YOUR OBJECTIVE | In the entries below, begin at the line with "nesessaireシルクデシンチュールレースケープ襟ブラウス" and stop after the line with "W mieszkaniu znajduje"; output those lines exactly and omit the pictures.

STUDY MATERIAL |
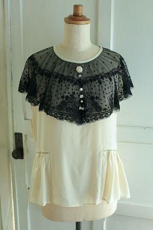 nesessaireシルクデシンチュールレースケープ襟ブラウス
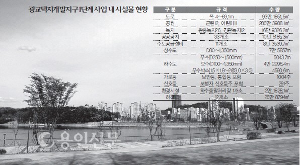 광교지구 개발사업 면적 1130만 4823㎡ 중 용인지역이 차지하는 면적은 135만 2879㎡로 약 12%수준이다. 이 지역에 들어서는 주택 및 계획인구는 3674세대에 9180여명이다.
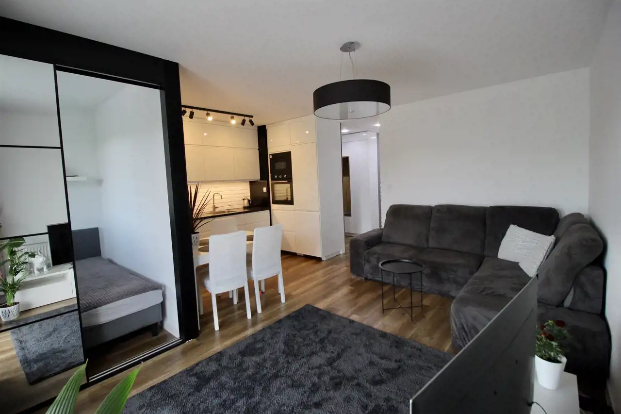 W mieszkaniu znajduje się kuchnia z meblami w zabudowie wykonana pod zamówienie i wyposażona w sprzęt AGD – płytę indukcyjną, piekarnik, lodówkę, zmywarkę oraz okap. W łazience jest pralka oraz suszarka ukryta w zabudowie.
---
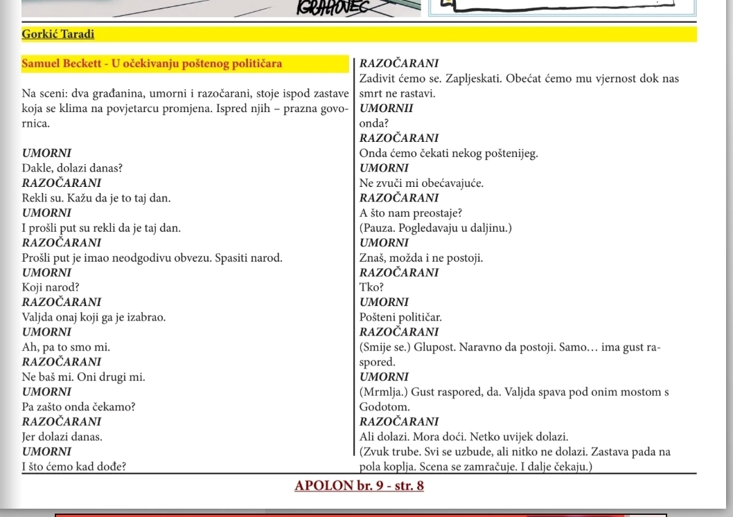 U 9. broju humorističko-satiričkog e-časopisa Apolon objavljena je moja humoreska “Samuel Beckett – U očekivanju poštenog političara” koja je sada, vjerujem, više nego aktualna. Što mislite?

REPLY TO THE EXERCISE |
 nesessaireシルクデシンチュールレースケープ襟ブラウス
 광교지구 개발사업 면적 1130만 4823㎡ 중 용인지역이 차지하는 면적은 135만 2879㎡로 약 12%수준이다. 이 지역에 들어서는 주택 및 계획인구는 3674세대에 9180여명이다.
 W mieszkaniu znajduje się kuchnia z meblami w zabudowie wykonana pod zamówienie i wyposażona w sprzęt AGD – płytę indukcyjną, piekarnik, lodówkę, zmywarkę oraz okap. W łazience jest pralka oraz suszarka ukryta w zabudowie.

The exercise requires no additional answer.